Actually, the Covid pandemic, when the operations were launched, proved to be a “blessing in disguise” as farmers faced challenges to sell their produce with the mandis being closed. “We began to supply to corporates and producing organisations,” he said. 

Talks with Israeli firm

Agri10x has defined the parameters for the quality of produce and the standard operational procedures are in place for manually checking the quality. “We are currently in talks with an Israeli firm for an artificial intelligence-driven mobile app for quality checks. From April onwards, we could be deploying it for farmers,” Ghode said. 

The start-up also has transport and operations in place. For example, once a Delhi trader puts a buy order, the operations team comes into the picture to ensure quality besides grading and sorting. 

The transport people then pick the produce and deliver it to the trader and the whole trading gets closed. “We charge for transport and packaging, if required but we don’t charge for checking the quality,” he said. 

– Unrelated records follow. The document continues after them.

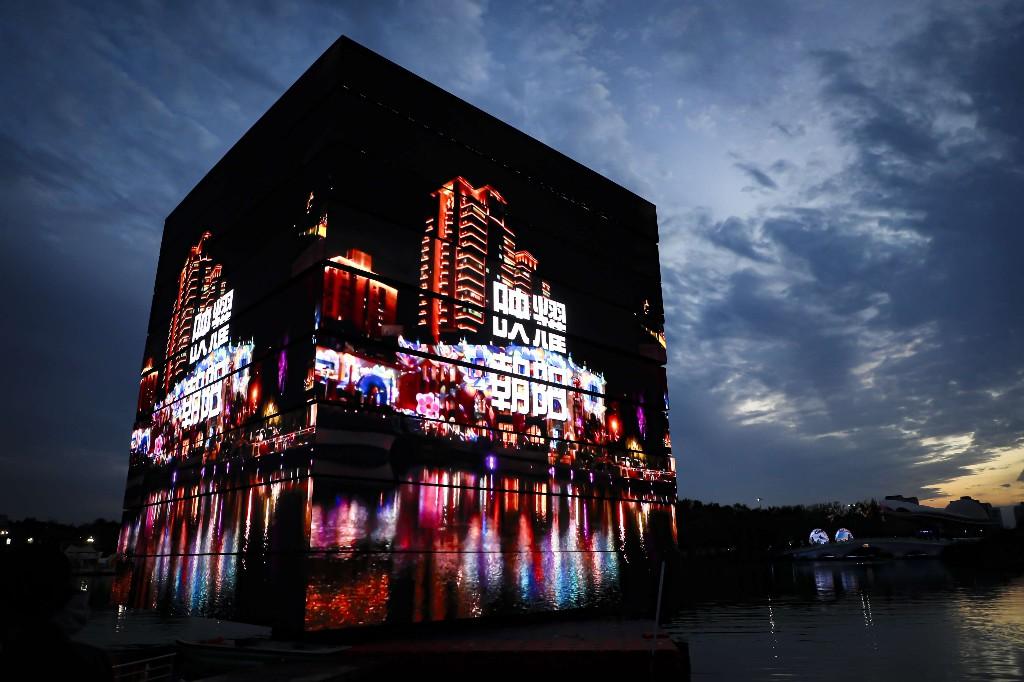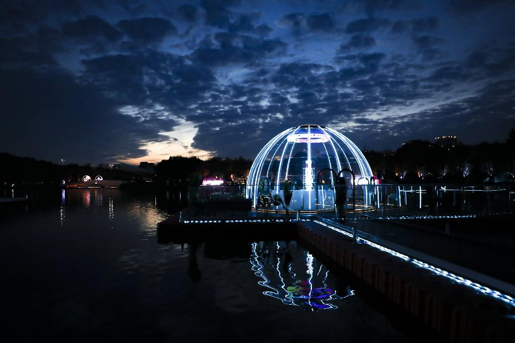 科技感是本届活动核心亮点。亮马河主会场的巨型“魔方”装置堪称科技标杆,直径13.5米的立方体搭配水上浮动平台,可一键切换多元场景,3D裸眼光影技术打造“盲盒现场”,用数字光影诠释“天圆地方”理念。“奇幻摩球”依托球幕投影与互动LED,将工业遗存化作“会呼吸的动态宇宙”,尽显数字文化活力。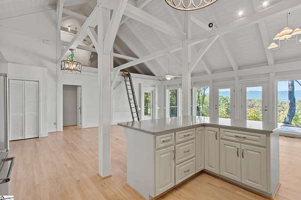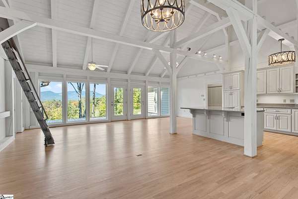 PERFECT MULTI GENERATIONAL LIVING HOME!!! It's stunning 3,600+ sq. ft. Newly renovated home sits on over 2 acres in a peaceful country setting off Hawkins Road. Designed with a beautiful lighting package, this home offers a warm and inviting atmosphere. Located just 25 minutes from the charming town of Travelers Rest and the Swamp Rabbit Trail, and less than 15 minutes from North Greenville University, this home provides both convenience and tranquility. Featuring three bedrooms, four baths, and a spacious two-car garage, this home is designed for comfort and style. Step outside to an oversized covered screen porch, perfect for outdoor entertaining and taking in the magnificent glassy mountain view. Don't miss your chance to make this beautiful home yours today! AND LETS NOT FORGET HE SHED OR SHE SHED!!!! Plumbed and ready for secondary Kitchenette in the Inn-law suite.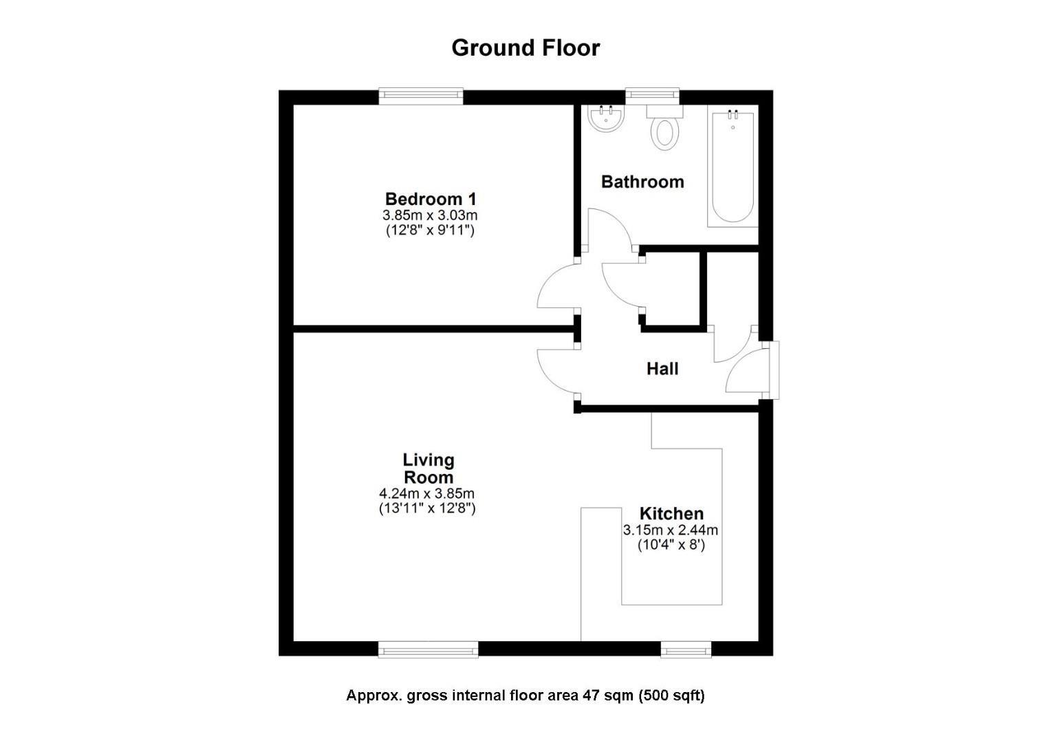 The apartment is accessed from a covered walkway and has a useful entrance hall with an airing cupboard, a light and open plan kitchen/sitting/dining room with a good range of integral appliances including a dishwasher, oven, ceramic hob and extractor fan and space for a freestanding washing machine. The bedroom is a spacious room about 12’8’’ x 9’11’’ and there is a well-fitted bathroom with a power shower over the bath. The property has a digitally controlled electric underfloor heating system and UPVC double-glazed windows throughout.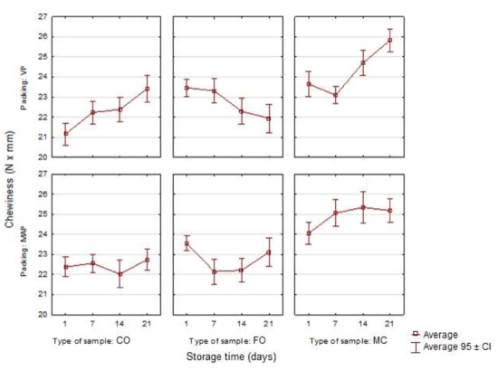 Changes in the chewiness in the poultry sausages depending on the type of sample, packing and storage time (n = 10).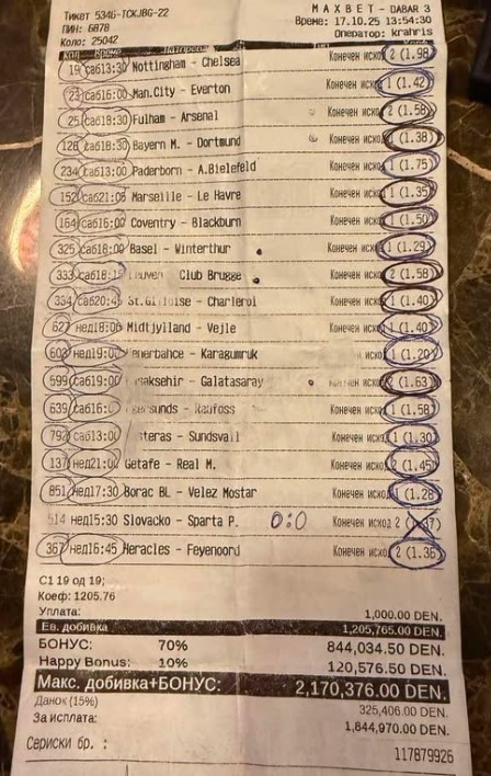 Offside Кец у два Малер на колото за 1,8 милиони денари SharePostСподели Филип Ако имате добитен тикет или ако една ве зафркнала, пратете ни го на tipster@trendolend.mk. SharePostСподели Тагови: малер на колото објавено: 21 октомври 2025 - 12:15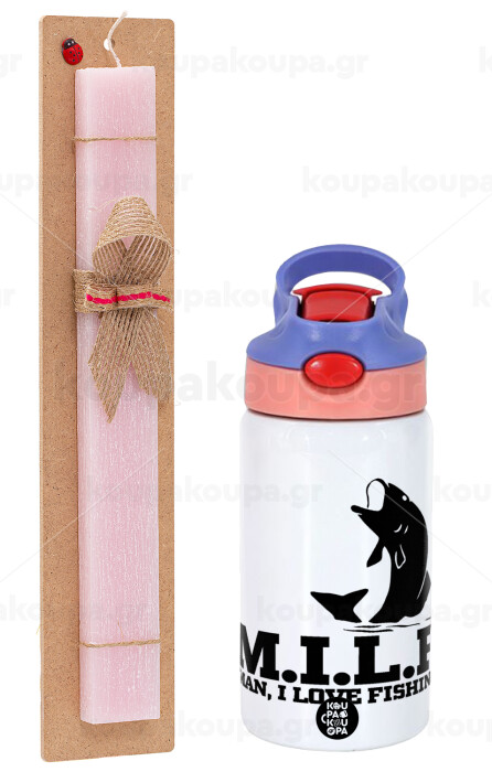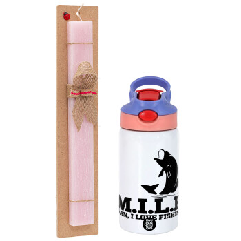 M.I.L.F. Mam i love fishing, Easter Set, Children's thermal stainless steel water bottle with safety straw, pink/purple (350ml) & Easter scented flat candle (30cm) (PINK)

The firm also does not collect any charge or levy from the farmer for helping them sell their produce. “But we charge traders 1-5 per cent depending on the commodity. The highest charge is for fruits,” Ghode said. 

Onto input business

The online platform, which has its employees working in Pune and Bengaluru, currently has farmers from as far as Madurai in Tamil Nadu working with it, besides from Maharashtra, Rajasthan, Karnataka, Telangana, Andhra Pradesh and Madhya Pradesh. “We have gone deep into Madhya Pradesh at this point,” he said. 

Following the experience gained in helping farmers sell their produce, the start-up is now planning to create a model like “Swiggy or Zomato” which will help farmers to get seeds, pesticides and fertilizers at their farmgates. 

Agri10x has roped in 112 retails and what was begun as a pilot project has now become a business with a turnover of ₹50 lakh. “We are now rolling it out across the country as the revenue from it is increasing,” the start-up CEO said.

Asked about trade disputes, he said though there were a few, today they are “not even one per cent” of the total trades. “We hardly find any dispute as we have understood how this facilitation works,” Ghode said.